Share your opinion and earn yourself a free Motley Fool premium report!

We are looking for Fools to join a 75 minute online independent market research forum on 15th / 16th December.

To find out more and express your interest please click here

Why I still don’t think it’s time to bet on this battered FTSE 250 stock

This stock has fallen almost 50% in a year. Time to pile in?

| More on:

The content of this article was relevant at the time of publishing. Circumstances change continuously and caution should therefore be exercised when relying upon any content contained within this article.

You’re reading a free article with opinions that may differ from The Motley Fool’s Premium Investing Services. Become a Motley Fool member today to get instant access to our top analyst recommendations, in-depth research, investing resources, and more. Learn More.

Investing in a bookmaker is a far better use of your money than gambling itself. Or is it? Holders of William Hill (LSE: WMH) might beg to differ, having seen the value of their company shares almost halve over the last year. 

Based on today’s less than enthusiastic response to its latest trading update (-3%), it seems many market participants still need to be convinced that this fall is overdone

Losing streak

While short on detail, today’s release did state that adjusted operating profit for the 53 weeks to the start of January is expected to come in around £234m. This is 15% below that achieved in the previous year (although it was at least in the middle of the range previously predicted by the company of between £225m and £245m).

At least some of the blame was attributed to a reduction in year-on-year profits from Hill’s retail estate in the UK, itself suffering as a result of “wider high street conditions.”

With new limits on fixed-odds betting terminals being introduced later this year, and recent consolidation in an already extremely competitive industry, it’s hard to see things improving here any time soon. 

Instead (and like many of its peers), the £1.5bn-cap regards the potential relaxation of legislation surrounding sports betting in the US as its primary growth opportunity. On this front, the firm’s partnership with casino chain Eldorado Resorts is a positive step.

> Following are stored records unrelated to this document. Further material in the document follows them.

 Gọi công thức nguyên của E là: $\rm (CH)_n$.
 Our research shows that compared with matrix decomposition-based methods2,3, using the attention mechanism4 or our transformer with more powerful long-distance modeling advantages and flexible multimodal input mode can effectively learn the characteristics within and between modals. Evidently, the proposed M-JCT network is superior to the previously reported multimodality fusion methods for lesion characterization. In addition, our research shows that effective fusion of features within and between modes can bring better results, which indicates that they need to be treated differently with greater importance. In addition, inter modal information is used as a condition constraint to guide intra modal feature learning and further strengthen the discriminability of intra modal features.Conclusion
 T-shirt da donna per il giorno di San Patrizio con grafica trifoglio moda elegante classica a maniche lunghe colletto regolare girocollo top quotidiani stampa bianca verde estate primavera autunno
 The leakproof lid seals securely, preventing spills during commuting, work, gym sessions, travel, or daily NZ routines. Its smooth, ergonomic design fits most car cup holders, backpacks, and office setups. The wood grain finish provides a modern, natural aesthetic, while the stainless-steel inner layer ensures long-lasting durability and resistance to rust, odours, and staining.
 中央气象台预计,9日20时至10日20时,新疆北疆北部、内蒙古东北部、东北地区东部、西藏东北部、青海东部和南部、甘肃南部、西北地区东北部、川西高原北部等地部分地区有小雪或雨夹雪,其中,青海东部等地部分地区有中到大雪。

However, time will tell as to whether this market will prove as lucrative as management believes. The FTSE 250 constituent’s US operation “broadly broke even” last year after taking into account “significant expansion costs.

Hill’s shares traded on 12 times earnings before markets opened this morning and yielded nearly 6%. In addition to this, and the aforementioned opportunities in the US, the planned imminent purchase of Swedish gaming company Mr Green and“good underlying performance” from its online offering last year, might be enough to convince some contrarians to take a position.

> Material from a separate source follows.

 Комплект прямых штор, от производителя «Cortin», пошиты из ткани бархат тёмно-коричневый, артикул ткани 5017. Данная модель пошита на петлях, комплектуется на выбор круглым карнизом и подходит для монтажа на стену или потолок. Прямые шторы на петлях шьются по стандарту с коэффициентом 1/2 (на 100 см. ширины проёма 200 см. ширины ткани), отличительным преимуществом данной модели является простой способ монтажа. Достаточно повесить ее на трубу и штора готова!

That said, I’d be inclined to wait to see what exactly CEO Philip Bowcock has planned for its UK estate (due to be “remodelled” in 2019) before deciding whether the company is finally worthy of investment. 

Better odds?

Of course, William Hill isn’t the only company that will benefit from a change on betting rules across the pond. £4bn-cap GVC Holdings (LSE: GVC) — owner of rival Ladbrokes Coral — could do very well from the development, given its US joint-venture with MGM Resorts.

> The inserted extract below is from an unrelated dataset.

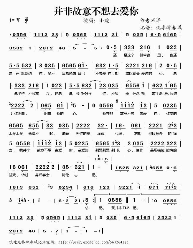 并非故意不想去爱你 简谱 歌词

In sharp contrast to the reaction to Hill’s news, last week’s trading update on the whole of 2018 was cheered by investors and it’s not hard to see why. Proforma underlying earnings are now likely to come in between £750m and $755m — ahead of what the market was expecting.

Despite like-for-like revenue falling 3% in the UK, GVC saw online revenue jump 19% over the year. Business was also good in Europe with revenue from retail growing 16%.  

Based on these numbers, CEO Kenneth Alexander reflected that GVC was “materially outperforming the market” and taking market share from rivals in all territories it operates in. 

Still 40% below the share price highs achieved last July, GVC trades on almost the exact same valuation as William Hill’s. A forecast yield of almost 4.8% is lower than that offered by the mid-cap, but this payout is better covered by anticipated profits. 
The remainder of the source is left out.